A unix oneliner should work right?

Code:

for i in {1..22};do samtools view -bh input.bam chr$i > chr$i.bam;done

**dpryan** · 06-05-2013, 01:29 PM

Originally posted by vivek_ View Post

A unix oneliner should work right?

Code:

for i in {1..22};do samtools view -bh input.bam chr$i > chr$i.bam;done

Depends, I've seen examples where the contigs weren't sequentially numbered (presumably due to some contigs becoming merged as latter data came in)

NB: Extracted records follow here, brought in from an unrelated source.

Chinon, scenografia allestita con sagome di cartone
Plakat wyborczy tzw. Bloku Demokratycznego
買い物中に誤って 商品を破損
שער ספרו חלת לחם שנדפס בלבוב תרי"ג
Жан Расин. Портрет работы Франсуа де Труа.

Also, for a file with a large number of contigs (have a look at some of the mouse lines from the Sanger Institute), looping over the whole file many many times will get super slow. You could probably write a script to process the whole thing in one go in a fraction of the time.

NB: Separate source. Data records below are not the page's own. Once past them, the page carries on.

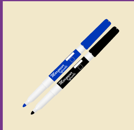
2 crayons effaçables à sec à pointe fine
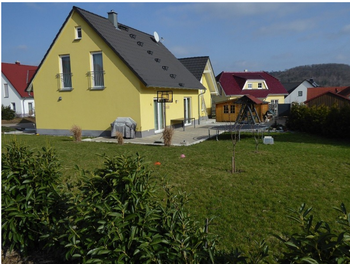
Ansicht vom Garten mit großer Terrasse
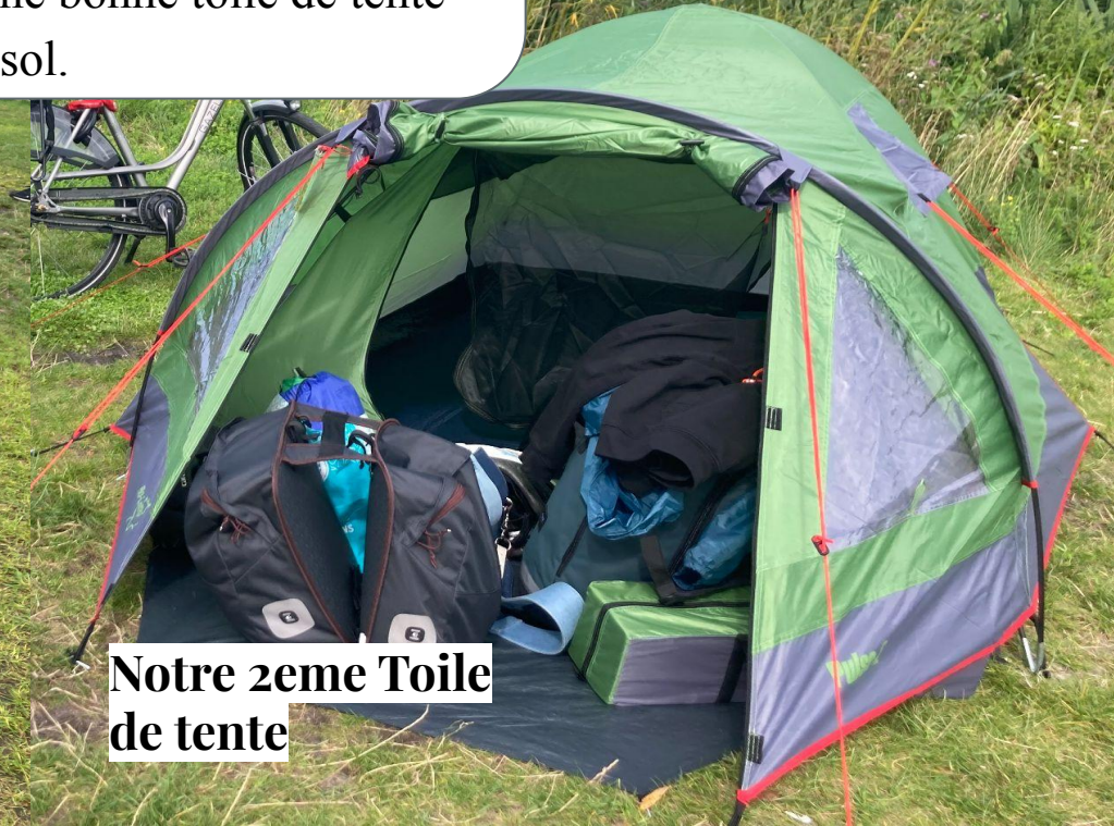
Notre 2eme Toile de tente

**vivek_** · 06-05-2013, 01:37 PM

That's why you have the BAM index right, so you are not reading the entire file to export each coordinate?

for the sequentiality issue, you can extract the contig names from the bam header into a file and loop over them:

Code:

samtools view -H input.bam | awk '{print $2}' | awk '{gsub(/SN\:/,""); print}'  > contigs.txt

**syfo** · 06-06-2013, 08:23 AM

Originally posted by vivek_ View Post

That's why you have the BAM index right, so you are not reading the entire file to export each coordinate?

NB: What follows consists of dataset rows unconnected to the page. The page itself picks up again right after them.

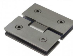
referenční výrobek – závěsný pant provedení – sklo-sklo materiál – leštěná nerezová ocel
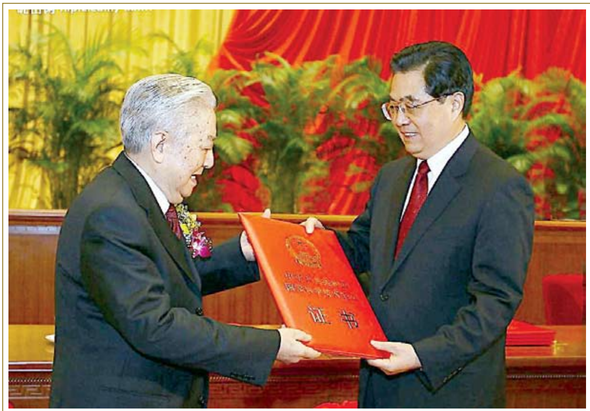
胡锦涛向闵恩泽颁发2007年国家最高科学技术奖。

2010年9月23日，国际小行星中心发布公报，将第30991号小行星永久命名为“闵恩泽号”。
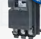
ET 200X Motorstarter

EM 300 DS DS2E EM 300 RS RS2E EM 300 EDS EDS2E EM 300 ERS ERS2E
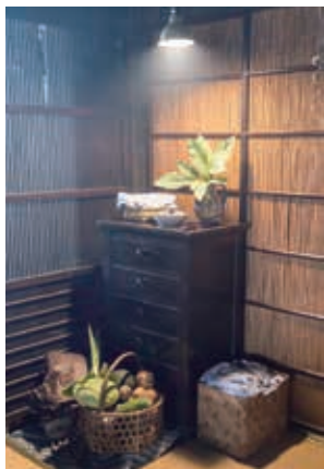
ナカノマの棚。煙で乱反射した光が美しい

戸を新たに設けるなど、大掛かりな修復プロジェクトは数年に渡って行われ、工事は今も継続されています。
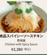
絶品スパイシーソースチキン 香滑雞 Chicken with Spicy Sauce ¥2,380 (税込)
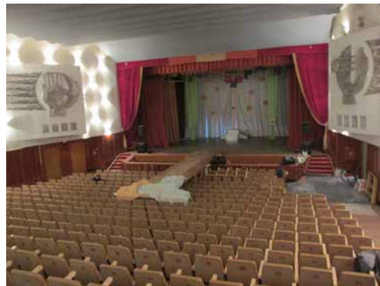
Там же. 2014 год.
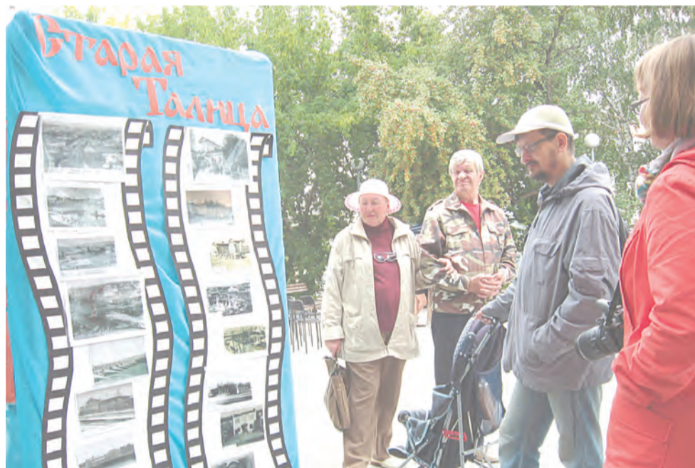
Выставка в сквере Н. И. Кузнецова

Благодаря выигранному гранту в размере 258 200 рублей, появится возможность
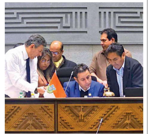
La Asamblea Plurinacional. VPEPB

for the sequentiality issue, you can extract the contig names from the bam header into a file and loop over them:

Code:

samtools view -H input.bam | awk '{print $2}' | awk '{gsub(/SN\:/,""); print}'  > contigs.txt

Watch out, you don't want the first ("@HD ...") nor the last ("@PG ...") line of the header.

Try this instead:

Code:

samtools view -H all.bam | sed '1d;s/.*SN:\(.*\)\t.*/\1/;$d' > contigs.list

Or, if you prefer awk:

Code:

samtools view -H all.bam | awk '/^@SQ/{gsub(/SN\:/,"");print $2}' > contigs.list

or even (just for fun):

Code:

samtools idxstats all.bam | cut -f1 > contigs.list

All those should give you the same list of contigs.

Then,

Code:

for c in `cat contigs.list` ; do
echo processing $c
samtools view -bh all.bam $c > $c.bam
done

But I agree it might take a while...

**jazz** · 06-06-2013, 10:59 AM

Thanks everyone. I will give these suggestions a try and let you know how it went.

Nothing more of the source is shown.